El daño existente en la red hidráulica resultó mayor de lo que los ingenieros estimaron inicialmente. Realizaron la reparación original, pero era indispensable sustituir otros conductos. Por fortuna, con ese arreglo provisional volvería agua por algunas horas, y así la gente del rumbo tendría oportunidad de guardar un excedente del líquido en cubetas, además de la que lograra juntarse en la cisterna y los tinacos.
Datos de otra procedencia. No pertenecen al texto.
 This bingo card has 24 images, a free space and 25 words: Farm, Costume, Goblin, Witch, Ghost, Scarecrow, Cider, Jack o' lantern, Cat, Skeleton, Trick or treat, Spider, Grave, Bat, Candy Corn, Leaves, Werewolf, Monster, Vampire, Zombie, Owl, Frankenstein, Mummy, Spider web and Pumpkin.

En esa ocasión, los arreglos demandaban entre dos y cinco días de trabajo; pero, por suerte, con reanudaciones parciales en horarios variables.

   Hubo una nueva reunión de las personas involucradas y evaluaron la situación.  En los depósitos se acumuló lo suficiente para dotar con 100 litros cada hogar. Casi todos pensaron que se trataba de una cantidad importante, pero estaban equivocados: en realidad no tenían ni la menor idea de cuánta usaban (o hasta desperdiciaban) diariamente. Si tomamos en cuenta que cada vivienda tenía más o menos cuatro habitantes, entonces los litros disponibles por persona eran bastante menos, tan sólo veinticinco.
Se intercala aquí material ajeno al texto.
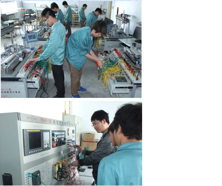 电子技术应用实训室建设 电子技术应用现有实验实训设备总值达150余万元,建设了电子技术实训室、单片机实训室、印制电路板实训室、家电维修实训室、PLC应用实训室等10个一体化教室;为学生的专业学习奠定了坚实基础。 印制电路板实训室 电子实训室 单片机实训室 PLC应用实训室单片机实训室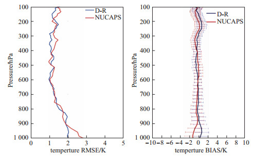3.2 温湿度廓线反演的统计分析为了进一步检验D-R算法和NUCAPS算法的精度, 利用D-R算法基于表 2中的背景场反演了2014—2016年6—9月晴空条件下的117组大气温湿度廓线, 并以实测探空资料为真值进行了对比, 分别计算了D-R算法和NUCAPS算法反演的温湿度廓线的均方根误差RMSE与偏差BIAS.均方根误差RMSE与偏差BIAS计算公式如下:

   Para percatarse de lo limitado que es esto, basta con considerar que en cada ocasión que accionamos la manija del servicio sanitario fluyen 6 litros, siempre y cuando se trate de un equipo ahorrador (los viejitos utilizan el triple y hasta más).

   Los acuerdos fueron los mismos de la primera ocasión, pero ahora se añadía uno nuevo:

  • Cumplir con lo que habían determinado y no actuar como el día anterior, ya que se ignoraba cuándo tendrían un suministro constante

Al parecer ahora sí habría solidaridad entre los habitantes de la unidad y todos manifestaron su compromiso para lograr el cuidado que no habían tenido. Harían lo necesario para que todos contaran con agua, aunque fuera en volumen limitado.

   Lo curioso es que, en la jornada siguiente, varios de los ocupantes de las viviendas madrugaron de manera anormal. La razón era más que evidente: aprovechar las reservas depositadas en los tinacos para bañarse, lavar ropa y dejar limpios los trastos de la cocina, aun a sabiendas de que dañarían a los demás.

   Esos tres o cuatro tempraneros alertaron al resto de los vecinos cuando se escuchó el correr del líquido por la cañería de los edificios y con el ruido que hacían los chorros usados en los lavaderos de la azotea. Cundió el miedo y, quienes habían decidido suspender el uso innecesario del agua, comenzaron a comportarse de la misma manera poniendo el interés personal por encima del colectivo.